自从家族被信任的君主灭门,龙族的大财宝从华丽的帝国宝库荒唐的重新交还给毒龙萨沃里斯,那个脾气古怪的龙族外交官,乖张跋扈的卷曲黑发男子,满口对着龙岛女皇的抱怨与恐惧,却是屠戮我家族庄园时眼都不眨。
我,里耶家族最小的儿子,萨摩耶躲过一劫,却沾染了有毒诅咒的火苗,无时无刻令我痛苦。
我曾带着父亲死亡前,交于我手的一件龙族秘宝,直到在南部边境寻找治愈身体的方法时,我才逐渐弄清楚匣子的秘密。
灵魂之匣,献祭巨量的魔法材料后,会让人拥有堪比永恒的生命。真是可笑荒唐,我这副八分熟的破烂身躯,还想着那些帝王急切渴求的永恒么,不,我痛恨无时无刻都诅咒他们,将我们家族用完即弃的上位者,以及那个滋生臭味腐朽不堪的魔法帝国。
我棘负魔法而去,也将带着诅咒而来。
.......
“好奇怪昂,这个埃里克怎么开始自动自白罪行了,明明刚刚还好好的。”霜语看了看白璃大人,不会是咱家白龙姬,暗中做了什么强行推进的举动吧。
“双目失神失魂者,这是被操纵的现象。”
场景变换,这明显是一间房间,巨人小姐倒是不嫌弃,打了个响指后便安闲小憩。
而埃里克瘫坐在书桌前,手里的卷轴滚落一地,借着月色窗边的阴影处映衬了一个骨瘦嶙峋的人影,而尊贵的大法师先生额后半尺处,扎着一根针。
他喃喃自语说着不该是他的话。
而白璃大人看的津津有味,在小恶魔背后轻轻耳语,就仿佛身临其境在歌剧里边。
“伊利亚,这种,妾身还没试过,用水晶录下来呢。”
你在暗示什么,在明示什么,在想怎样。
要不是大家在任务剧情里,早就回手就是.....被抓住手腕,然后吃疼却不服输的气血上脑.....娇红了容颜,然后声嘶力竭的....轻咳了一声后,装作无事发生。
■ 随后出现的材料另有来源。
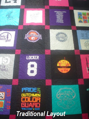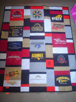 Would you like to have a t-shirt quilt made? I can do that for you! Just provide me with the shirts, and I can do the rest. You can pick the layout, size & colors, and usually in a few weeks, I can have the completed quilt ready to go. These are very popular for Christmas or graduation gifts.
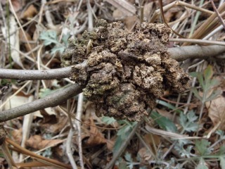 【右】フジの幹に付いた植物の癌です。癌腫病といわれています。

“下次,天气好点的时候,再再说吧。”目光游弋,像是已经被操纵了一样,站直了身子,摩挲着自己的衣服下摆,不好转头。
龙姬大人太奇怪了,就是这种让人出戏的说法,导致每次事件都如此拖沓,不能麻利的实现队长大人老道经验的梦寐展开。
而巨人小姐怨念深重的目光看了一眼,赶快打了个响指,场景不再是给两人偷偷能藏匿小动作的深夜。
埃里克仿佛冷的哆嗦了一下,才恢复清醒,看上去刚刚的记忆有一点复苏的迹象,他难以置信。
“不对,一个逃脱审判的半命者,如何做到神不知鬼不觉挟持了拥有近乎无限生命研究魔法的我。”
他颓废的跪倒在地,曾经的荣耀仿佛像个无上的虚影,而此刻他已完全不适从,已倒伏在地面,任由过去踩踏。
“我为什么还清醒的活着。里耶呢,那个阴损的杀魔,这种事情本应可以避免,何有千万人殒命。”他终于支撑不住,流泪起来。
以前还以为是自己技艺不精失手造成了巨大的灾祸,尽管同样悲伤,却有一种当恶人的淡漠寡淡,暗示自己以至于没有崩溃,如今发现肩上沉重的杀孽已坠到了地面,自己只是一个受操纵的执行者,才会嚎啕大哭起来。
众人沉默,其实只是小恶魔有点伤感。她保险起见先捂住白璃大人的嘴,避免.....
白璃的声音在恶魔心里出现。
“伊利亚,妾身应该也想过,造一些杀戮,让你哭的稀里糊涂后,却无可奈何的受制于吾。一边破碎一边让妾身拭去泪滴。”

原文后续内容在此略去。